Research, Teaching, and Public Service
The ASU Museum of Anthropology serves as a teaching, public service and research institution.
Teaching: The ASU Museum of Anthropology is concerned with introducing research on objects to undergraduate and graduate education, thus providing hands-on training both in museum anthropology and new ways to understand and interpret our cultural histories. With objects at their center, museums are now acknowledged as a fundamental part of the learning environment. As William Simmons argues “Museums, with their emphasis on real things, communicate with the learner in different ways than does the printed word. In particular, objects are a powerful medium of communicating cultural knowledge in anthropology and areas where material objects are an important part of the story”.
Public Service: The ASU Museum of Anthropology is developing community partnerships as a way to establish an intellectual and cultural environment that is built on both scholarship and local needs. With its position at the center of ASU Tempe campus and the university's anthropological research, the museum provides an accessible location for community members who are interested in anthropology to interact with faculty and students and to learn about university research projects. More importantly, the museum encourages community members to become active participants. For example, we have community curators for the Día de los Muertos exhibit. We believe that we also have a great deal to learn from the community. It is our responsibility not just to communicate scholarship to the community, but to also make the community active creators and investors in this knowledge. Only museums truly provide this form of interaction. With this structure we can develop the university and community’s long-term investment in exploring our local history, and build relationships between those who are most likely to care for the objects and stories that make up our history.
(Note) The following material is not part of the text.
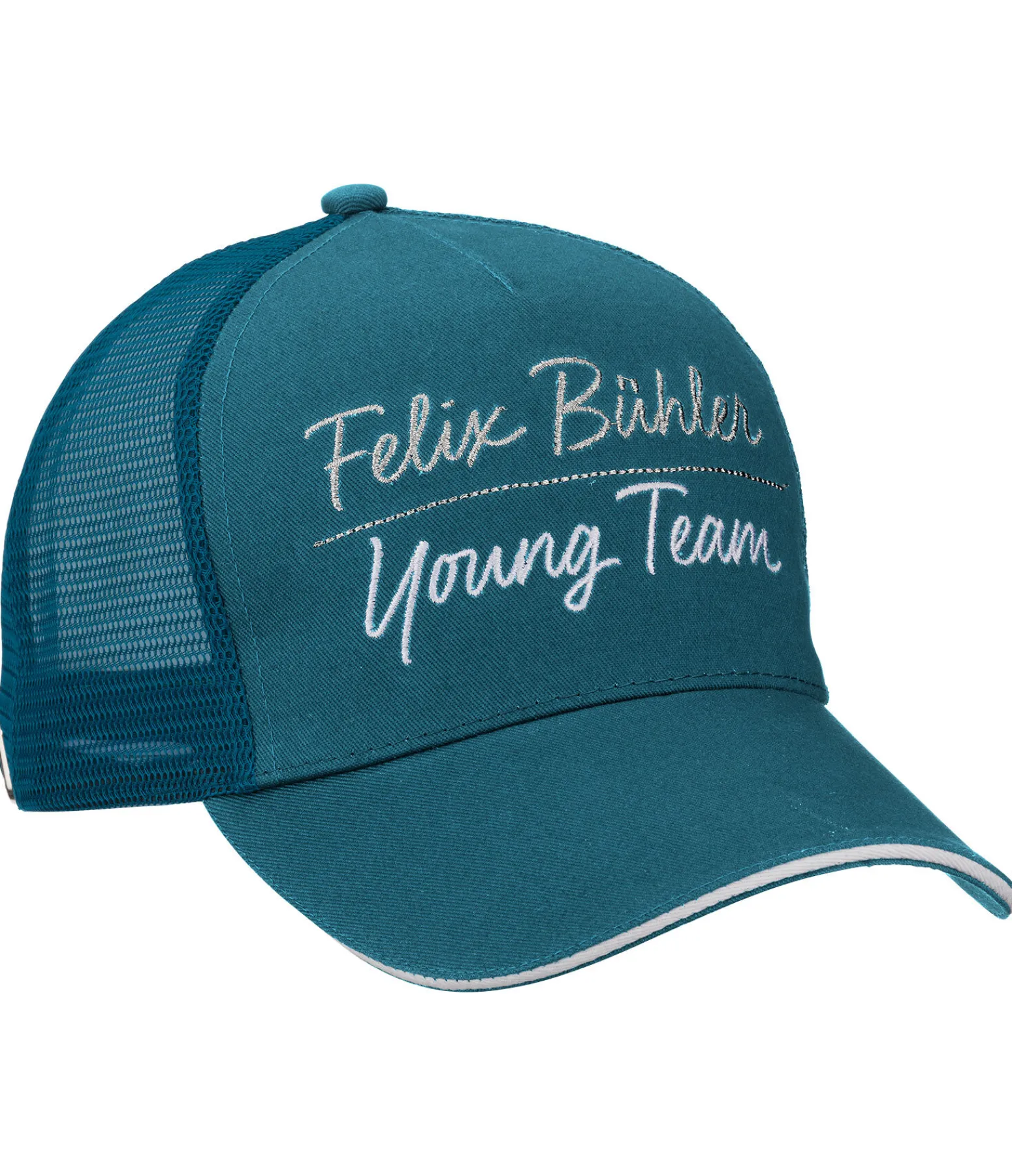 Casquette ajustable. Sportswear. Imprimé « Felix Bühler Young Team » brodé à l’avant. Insert en Mesh à l’arrière pour une circulation de l’air optimale. Parfait pour les chaudes journées d’été à l’écurie. 100 % coton.

Research: By bringing together different disciplines within the museum, we are able to encourage original research. The museum is a research laboratory that allows us to experiment and test out new ideas and study their impact on the public. The central research goal of the museum is also to push new understandings of both museums and anthropology. With its place within the School of Human Evolution and Social Change, the museum is well placed for this research.
By bringing together research, teaching, and community involvement, museums will encourage original interdisciplinary research.
By synthesizing research, teaching and community involvement within an institution embedded within the School of Human Evolution and Social Change and Arizona State University, the museum provides an unequaled opportunity for faculty and students to create new approaches to research and teaching that are also responsive to local needs and community interests. This process begins with an experimental environment for scholars working with objects to develop interdisciplinary research projects that are based on original research that stems from the local environment of the Phoenix Valley.
In addition to exhibitions, the museum organizes public programs including gallery talks, educational workshops, symposiums, round table discussions, film viewings, and tours.